I've created QPID-8404 for this and attached a very simple patch which I
hope should solve your issue

-- Rob


On Fri, 24 Jan 2020 at 10:43, Rob Godfrey <[email protected]> wrote:

> It looks like this might be related to changes made in the underlying
> Jetty library - https://github.com/eclipse/jetty.project/issues/3554
>
> It seems like a change needs to be made to Qpid Broker-J to explicitly
> disable this breaking change that Jetty introduced :-(
>
> -- Rob
>
> On Thu, 23 Jan 2020 at 21:48, David Gillingham - NOAA Affiliate
> <[email protected]> wrote:
>
>> I am attempting to upgrade a project currently running QPID Broker-J 7.1.0
>> to 7.1.7 and have discovered a change to the certificate validation
>> behavior that is breaking my application.
>> From what I've been able to figure out, it appears that starting with
>> release 7.1.5, when External Authentication is enabled, QPID now appears
>> to
>> attempt to match the hostname/IP address of any incoming connection to
>> either the subject or CN inside the client-provided certificate.
>> When attempting to make a REST API request using cURL on 7.1.5, I get the
>> following error:$ curl --cacert root.crt --cert guest.crt --key guest.key
>> https://dev25:8080/api/latest/queue
>> curl: (35) SSL peer had some unspecified issue with the certificate it
>> received.
>>
>> When I look at qpid.log, I found the following error:2020-01-23
>> 14:22:02,703 INFO  [qtp1186859375-45] (o.a.q.s.m.p.HttpManagement) - TLS
>> handshake failed: host='xxx.xxx.xxx.xxx', port=45572:
>> javax.net.ssl.SSLHandshakeException: No subject alternative names present
>> guest.crt/guest.key are an openssl generated cert/key pair adequate for
>> user authentication purposes.
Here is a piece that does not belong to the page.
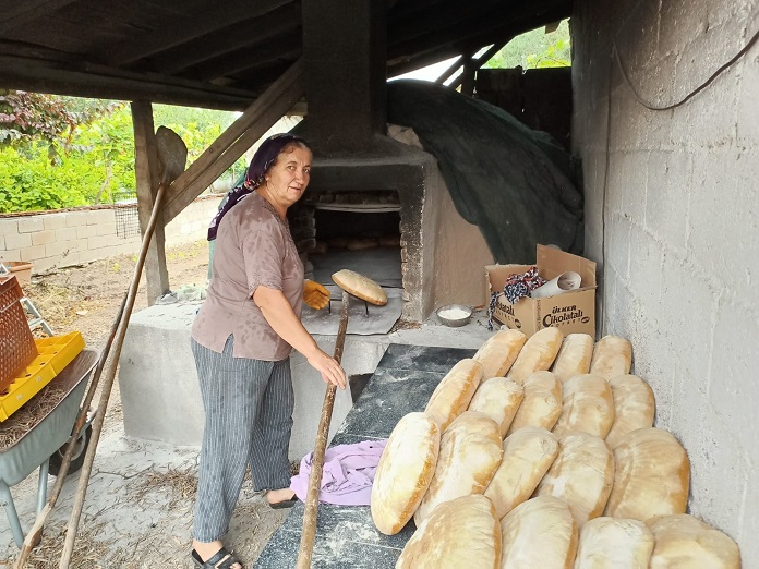 “İnsanlar buradan giderken çocuklarına da ekmek alıyorlar. Hediye olarak götürüyorlar. Büyük kentlerde bu ekmeği bulamadıklarını söylüyorlar. Yaptığım ekşi maya ekmek kolay bozulmuyor. Fazla ekmek alanlar buzdolabında sakladıklarını söylüyorlar ve lezzeti hiç değişmiyor. Benden ekmek alanların birçoğu ile arkadaş olduk bir ekmek alan başka bir arkadaşına beni öneriyor benden ekmek alan sayısı bu şekilde her geçen gün artıyor. Yaptığım ekmek tamamen doğal hiçbir katkı maddesi kullanmıyorum, eski usulle yapıyorum. Türkiye’nin her yerine gidiyor diyebilirim ekmeğim. Karanfilli ve normal ekmek yapıyorum, sakızlı ekmek isteyen müşterilerim sakızı kendisi getiriyor ben de ekmeği öyle yapıyorum. Her çeşit ekmek yapıyorum. Aslında çok fazla talep var ancak ben yalnız çalıştığım için yetişebildiğim kadar yapıyorum. Evimizin bahçesine eşim bir fırın yaptı burada zeytin ağacı odunundan ve zeytin çırpılarından eşim fırını yakıyor ekmekleri burada pişiriyorum. Köyümüz Burhaniye Edremit arasında havaalanına yakın. Uçakla giden müşterilerim önce köye geliyor ekmek alıyor sonra havaalanına gidiyor.”

The subject/CN refer to my user.
>>
>> If I instead use the same cert/key pair that I've configured for the QPID
>> server, I can successfully get a response from the REST API. I assume this
>> is because that cert has my system's hostname in the subject/CN.
>>
>> I cannot reproduce these issues on release 7.1.4 or earlier.
>>
>> Can someone explain why this change to certificate validation behavior was
>> made and why it would be desirable? From my prior experience with
>> interacting with web applications that required certificates for
>> authentication, hostname checking was never part of the requirement. This
>> makes using new versions of QPID difficult as we'd have to generate a
>> large
>> number of new certificates for every host that connects to QPID instead of
>> letting users use their personal certificate.